> Instructions to follow:
Among the lines below, output only those between the line holding "为庆祝第32个全国助残日,5" and the line holding "打开2021-2025年全球", inclusive, exactly as written and with no pictures.

> Records provided:
+ + + + +

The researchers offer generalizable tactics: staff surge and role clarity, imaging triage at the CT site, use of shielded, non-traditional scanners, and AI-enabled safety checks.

+ + + + +

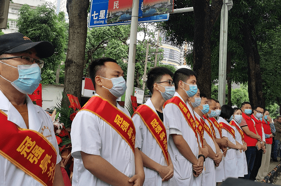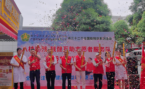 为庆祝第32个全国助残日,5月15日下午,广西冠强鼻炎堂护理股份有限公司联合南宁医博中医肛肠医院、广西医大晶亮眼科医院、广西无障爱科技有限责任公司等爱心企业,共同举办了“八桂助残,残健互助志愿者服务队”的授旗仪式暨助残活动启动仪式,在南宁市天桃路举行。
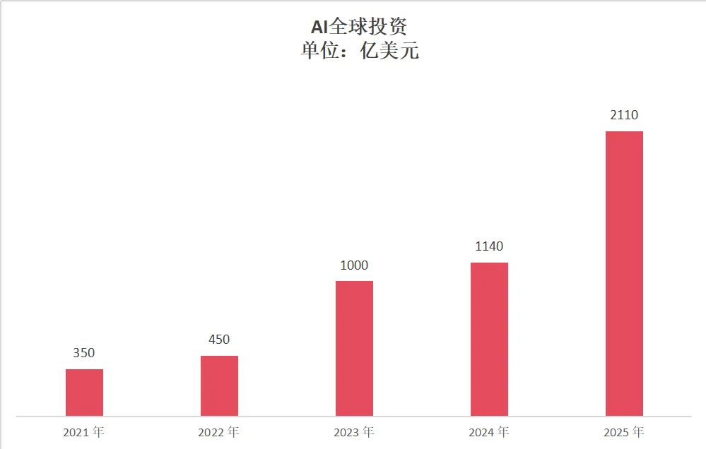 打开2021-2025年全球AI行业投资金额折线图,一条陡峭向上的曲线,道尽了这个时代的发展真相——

+ + + + +

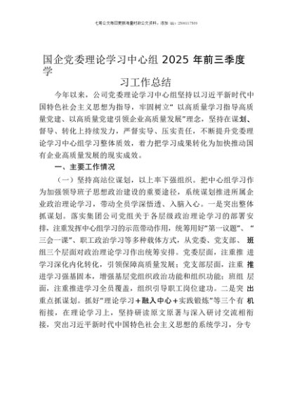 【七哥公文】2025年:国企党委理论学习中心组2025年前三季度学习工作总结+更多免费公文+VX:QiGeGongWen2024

+ + + + +

> Solution for this task:
 为庆祝第32个全国助残日,5月15日下午,广西冠强鼻炎堂护理股份有限公司联合南宁医博中医肛肠医院、广西医大晶亮眼科医院、广西无障爱科技有限责任公司等爱心企业,共同举办了“八桂助残,残健互助志愿者服务队”的授旗仪式暨助残活动启动仪式,在南宁市天桃路举行。
 打开2021-2025年全球AI行业投资金额折线图,一条陡峭向上的曲线,道尽了这个时代的发展真相——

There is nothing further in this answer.